Patients and methods

General information

Eighty-seven patients (34 males and 53 females) with thyroid carcinoma diagnosed in The Second People's Hospital of Lianyungang (Lianyungang, China) from June 2016 to March 2018 were selected as the research subjects. Inclusion criteria: i) adults with no history of mental illness who were capable of normal communication, self-care, and clear consciousness and ii) patients (or their immediate families) that signed the informed consent. Exclusion criteria: i) patients with permanent intracardiac conduction disorder, cardiogenic shock and a history of severe mental illness and ii) patients with acute inflammation, hematological disease, and severe heart and liver dysfunction. Patients in this study received no chemotherapy, radiotherapy or immunotherapy ever. Immediately after the surgery, the resected thyroid carcinoma tissues and normal tissues over 2 cm away from the carcinoma with no observed cancer cell infiltration were stored in the refrigerator at −80°C (Table I).

Table I.

Basic information of patients.

Table I.

Basic information of patients.

Factorsn=87
Age (year)
  <3531 (35.63)
  ≥3556 (64.37)
Sex
  Male52 (59.77)
  Female35 (40.23)
Obesity
  Yes47 (54.02)
  No40 (45.98)
Clinical staging
  Stage I–II31 (35.63)
  Stage III–IV56 (64.37)
Pathological type
  Undifferentiated51 (58.62)
  Differentiated36 (41.38)
Size of tumor
  Microcarcinoma52 (59.77)
  Non-small cell carcinoma35 (40.23)

The study was approved by the Ethics Committee of The Second People's Hospital of Lianyungang. Patients who participated in this research had complete clinical data. The signed informed consents were obtained from the patients or the guardians.

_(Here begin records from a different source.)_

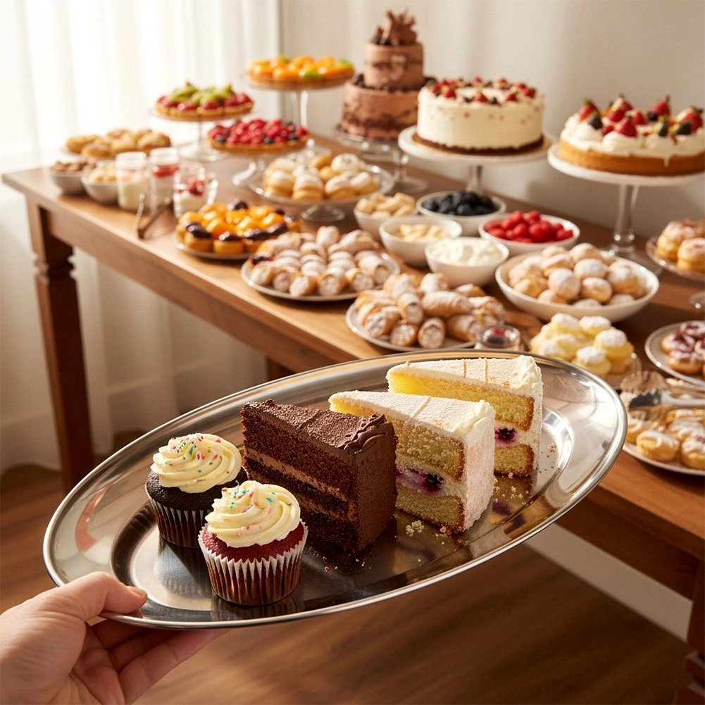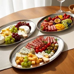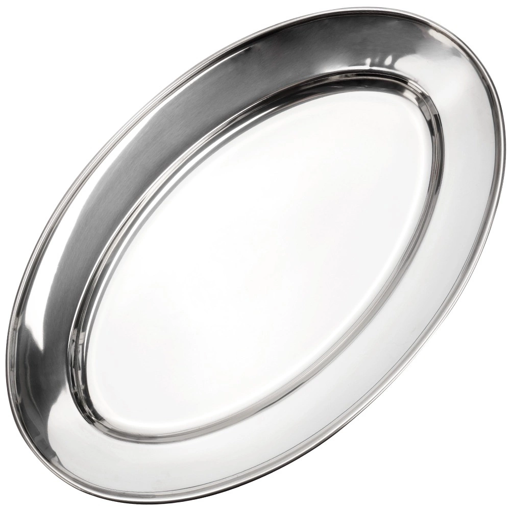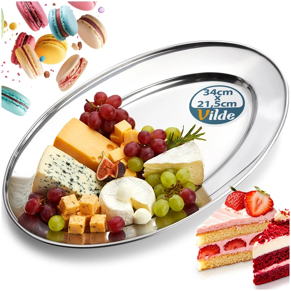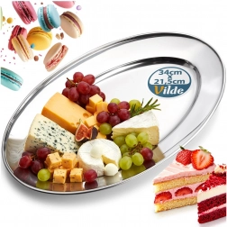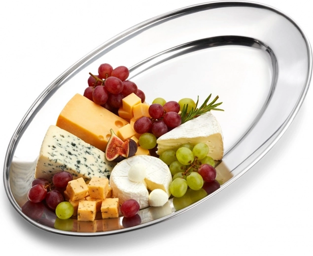 Stílusos, ovális szervírozó tálca minőségi rozsdamentes acélból, fényes, könnyen tisztítható felülettel és praktikus peremmel a biztonságos szállításhoz. Remek választás a mindennapokra és ünnepi alkalmakra – a brunchtól a családi összejövetelekig.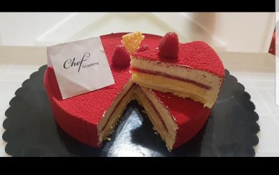 Palet al lampone: scaldare una parte di purea con lo zucchero e sciogliervi la gelatina reidratata. Aggiungere la purea fredda e versare in uno stampo in silicone o nello stesso anello utilizzato per frolla e pan di spagna. Congelare.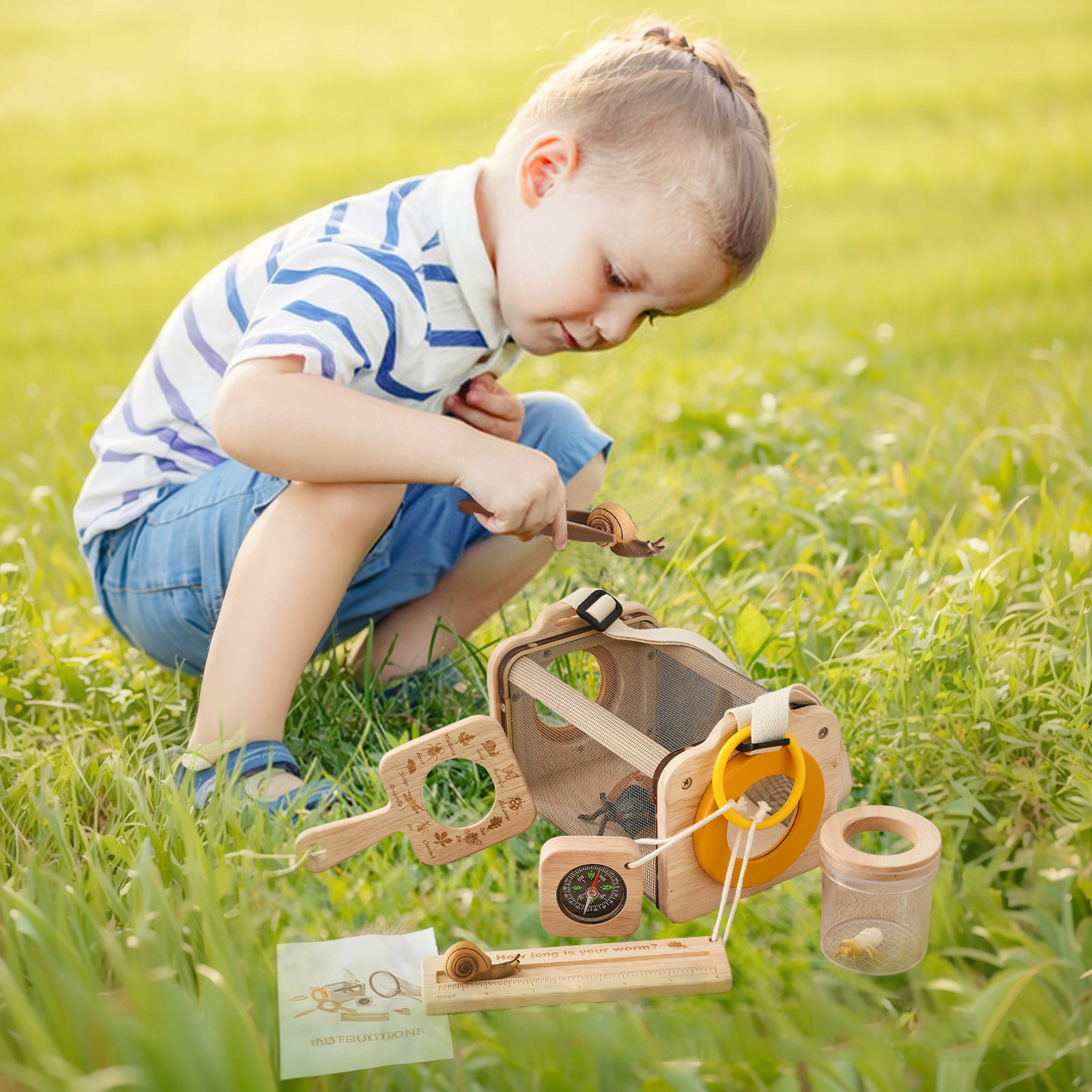 НАБОР МАЛЕНЬКИЙ ИССЛЕДОВАТЕЛЬ ДЛЯ ДЕТЕЙ ДЕРЕВЯННАЯ РАЗВИВАЮЩАЯ ПРИРОДНАЯ ИГРУШКА

Main reagents and instruments

DMBT1 ELISA test kit for human (article no. IC-DMBT1-Hu; Shanghai Yu Bo Biotechnology Co., Ltd., Shanghai, China), PDK-1 ELISA test kit for human (article no. EH15196; Wuhan Fine Biotech Co., Ltd., Wuhan, China).

Experimental methods

This experiment was carried out in a sterile environment, with all the instruments autoclaved and dried before the use. The normal thyroid tissue and the thyroid carcinoma tissue were taken out from the −80°C refrigerator and thawed. Then, 0.1 g of normal thyroid tissue and 0.1 g of thyroid carcinoma were weighted. With a small amount of liquid nitrogen, the tissues were separately crushed into powder in the mortar quickly. Next, the powder was transferred into the 2 ml-sized Ep tube, afterward got mixed together with 1.2 ml of PBS (pH 7.3) at the speed of 1,500 × g and got centrifugalized at 4°C for 20 min to get the supernatant liquid. Then the homogenate of normal thyroid tissue and thyroid carcinoma tissue was detected in strict accordance with the instructions of the DMBT1 ELISA kit for human and the PDK-1 ELISA kit for human.

Statistical analysis

The SPSS 20.0 software (IBM Corp., Armonk, NY, USA) was used to perform the statistical analysis. The basic count data of patients were expressed as the percentage [n (%)]; the expression levels of DMBT1 and PDK-1 were expressed as the mean ± standard deviation (SD). Pearson's correlation was used for the correlation between the expression of PDK-1 and DMBT1. The t-test was used for statistical analysis and P<0.05 was considered to indicate a statistically significant difference.

Results

Expression levels of DMBT1 and PDK-1 in thyroid carcinoma tissues and normal tissues adjacent to them

The expression level of PDK-1 in the thyroid carcinoma tissue (3.54±0.21) was statistically higher than that of the adjacent normal thyroid tissues (3.18±0.23; t=10.78, P<0.001). The expression level of PDK-1 in the thyroid carcinoma tissue (0.19±0.15) was lower than that of the adjacent normal thyroid tissues (0.41±0.21), and the difference was statistically significant (t=7.951, P<0.001; Figs. 1 and 2).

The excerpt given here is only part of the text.